A few years ago, Williams-Sonoma (NYSE:WSM) fell afoul of the statute. It demanded brick-and-mortar customers provide their Zip code, in addition to their credit-card number. The retailer then used that Zip code to determine consumers' addresses (only one Millard Fillmore in Zip code 14052) and to then use the names and addresses to send catalogues and other marketing materials. That is a no-no, according to the California Supreme Court; even a mere Zip code is "personal information" under the Song-Beverly Act.

But then, the Internet came.

With the advent of E-Commerce, online merchants taking credit cards had no effective way to ask to see (without recording) a driver's license. For anti-fraud purposes, most credit-card processors demand not only the consumer's credit card number but also the associated name, address and Zip code. But what about the law?

That's what David Krescent thought when he signed up for an Apple (NASDAQ:AAPL) iTunes account in California. Apple required Krescent to not only give his credit-card number but provide a bunch of other information (name, address, Zip code, etc.) to make digital purchases of music. Because the commodity delivered was itself digital, and downloaded, Krescent argued, Apple didn't need his address or Zip code to process the transaction.The company didn't even need his name, as long as the credit card was valid! And besides, the statute makes it illegal to "write down" things like address, etc., and an electronic recording of the information is a writing, no?

Apple countered by asserting not only that an electronic writing isn't a writing but that, mainly, the law—written long before electronic commerce—doesn't naturally apply to E-Commerce. When applied to brick-and-mortar stores, the law had an anti-fraud provision—permitting the merchant to ask for and examine personal information to prevent fraud. If you don't allow the use of this information for anti-fraud purposes, you put online merchants at a disadvantage—especially when you consider the volume of fraud online.

Lower California courts had already carved out an "online" exception to the Song-Beverly Act. The legislature passed a special law exempting gas stations from the Williams-Sonoma "Zip code" provisions, so they could likewise demand personal information (Zip codes) to prevent pump-and-go frauds. So Apple asked the Supreme Court to carve out an exception for online transactions.

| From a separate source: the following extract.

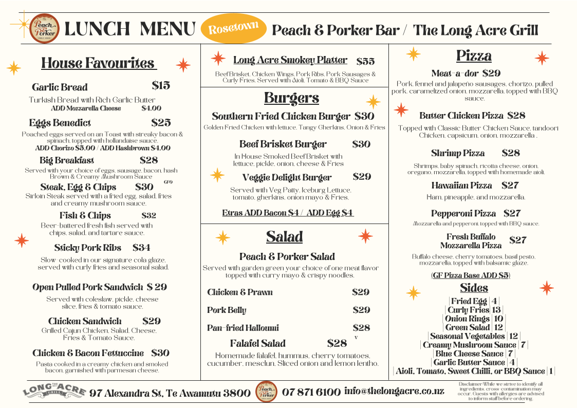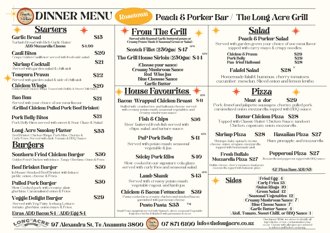 Welcome to The Long Acre Restaurant/Peach and Porker Bar, a culinary gem nestled in the heart of Te Awamutu. Located at 97 Alexandra Street, this restaurant prides itself on delivering exceptional service and mouthwatering dishes that keep diners returning for more. Customers rave about the delightful 'Tea Pot' experience, perfect for sharing among friends, while the menu boasts a range of options from perfectly cooked beef schnitzels to delectable pork belly salads.

On February 4, that's exactly what the California Supreme Court did. The court found that, to effectuate the purposes of the law (protecting privacy while permitting merchants to fight fraud), online merchants could collect things like a consumer's name, billing address and Zip code, even if the transaction was completely digital. Besides, the court observed, other California statutes—such as the California Online Privacy Protection Act (COPPA, Cal. Bus. Prof. Code 22575)—require online merchants (and others) to conspicuously post their privacy policies, including what data they collect and how they will use it. So consumer privacy is protected. Not.

The problem with what the Supreme Court did in the Krescent case was that by trying to make online merchants equal to their brick-and-mortar siblings, they elevated the rights of such merchants beyond those of their terrestrial counterparts. The court could have said that Apple and others could collect consumer personal information during a credit-card transaction, but only to use it to prevent fraud (validate the transaction), and then they had to destroy the personal data. This would have been the electronic equivalent of "looking at" the driver's license—well, close to it, anyway.

But having collected personal information to prevent fraud, the California Supreme Court held that the only limits on the online merchant's use of that data is whatever it puts on its privacy policies. So although a brick-and-mortar entity can't collect any data (except for order fulfillment), an online merchant can collect and use personal information—exactly what the Song-Beverly Act didn't want to happen. So it looks like a victory for cyberspace merchants at the expense of ground-based ones. At least until the California Legislature convenes. After that, who knows what might happen.

If you disagree with me, I'll see you in court, buddy. If you agree with me, however, I would love to hear from you.